In many ways, it’s all of our fault that Suicide Squad played out the way it did.
We packed the cinemas for Guardians of the Galaxy, showing demand for superhero films that broke the mold. We pushed Harley Quinn to the forefront of nerd culture, despite never having made an appearance in a live-action Batman film. We even reacted with childlike glee to an early trailer that flawlessly melded blockbuster action, colorful violence and the most profoundly overexposed classic rock song of our times. From the eyes of Warner Brothers, it’s easy to see how Suicide Squad was the perfect pitch.
But never doubt DC Entertainment’s consistent ability to whiff an easy home run. This is the team that made a film about Batman fighting Superman, and failed to make a profit on it. One who gave the keys to their comic book kingdom to Zack Snyder, an auteur whose bombastic visions have never returned critical acclaim.
Suicide Squad isn’t just a bad film, it’s a remarkably unpleasant one. The deepest shame is that Warner Bros assembled all the right pieces for this wild ensemble, and then failed to put them together in anything resembling a good time.
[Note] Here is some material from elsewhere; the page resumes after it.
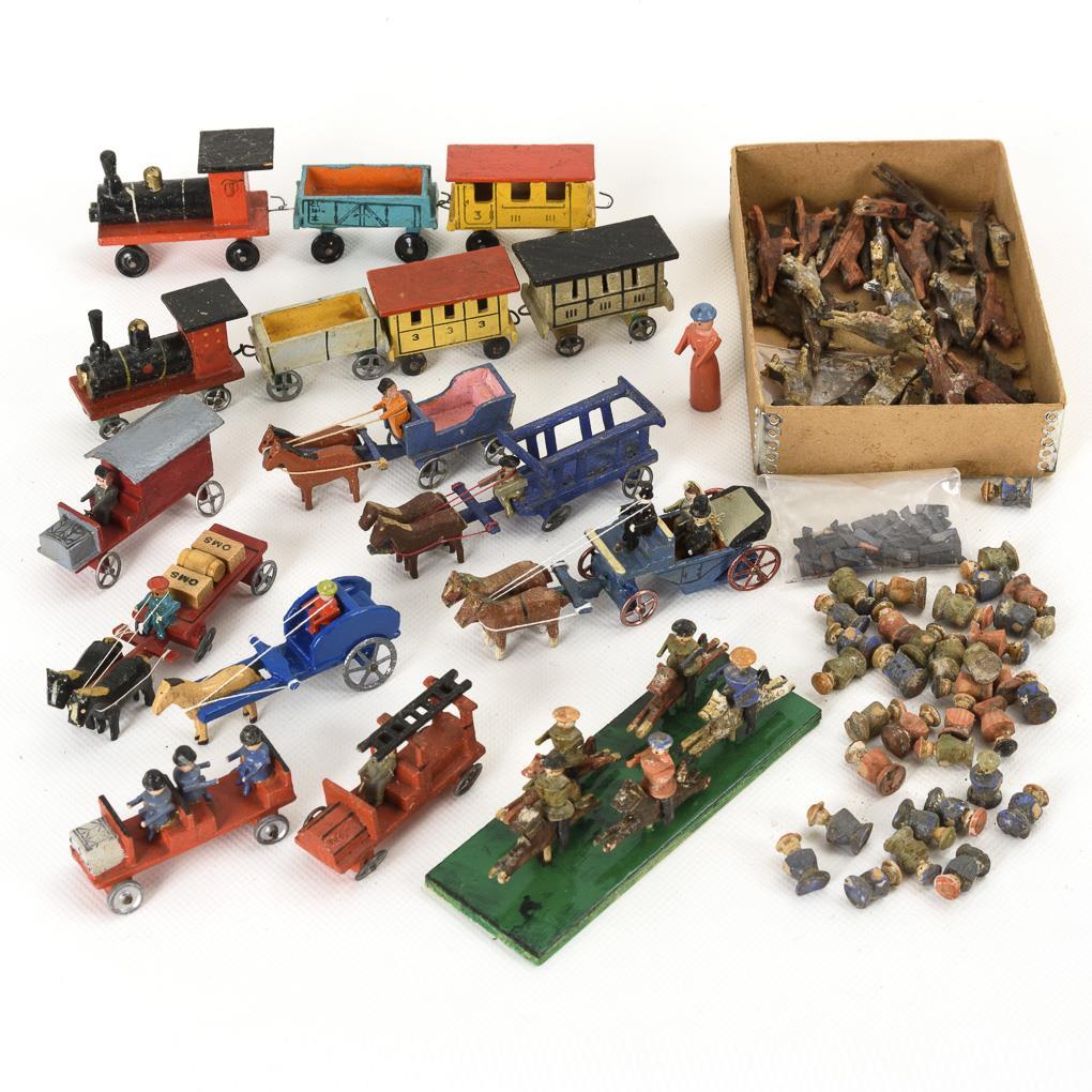 5 carriages (including wedding carriage), 2 trains, 2 fire engines, 1 truck, small cavalry / hunting. For good measure, box of figures in need of restoration (little horses, figure hulls, loose arms and legs). Traces of age, small defects.

Suicide Squad follows a team of various villains brought together by Amanda Waller (played by a perpetually bored Viola Davis) as a last resort defense against superhuman threats. The team is composed of far too many C-list Batman villains, each one desperately showboating for the audience’s adoration in hopes of a spinoff movie.
There’s Deadshot (Will Smith), who is morally questionable but loves his daughter. Alongside him is El Diablo (Jay Hernandez), who is morally questionable but is mourning his family. Leading them is Rick Flag, who is on the side of the law, but proves himself to be morally questionable while still loving his estranged girlfriend. Rounding out the team is Captain Boomerang (who is an Australian stereotype), Katana (who is an Asian stereotype) and Killer Croc (Who despite being a literal mutant, is given the lines of an African-American stereotype). Together, they form a closely knit fighting force that rarely talks to each other and have the chemistry of workplace acquaintances.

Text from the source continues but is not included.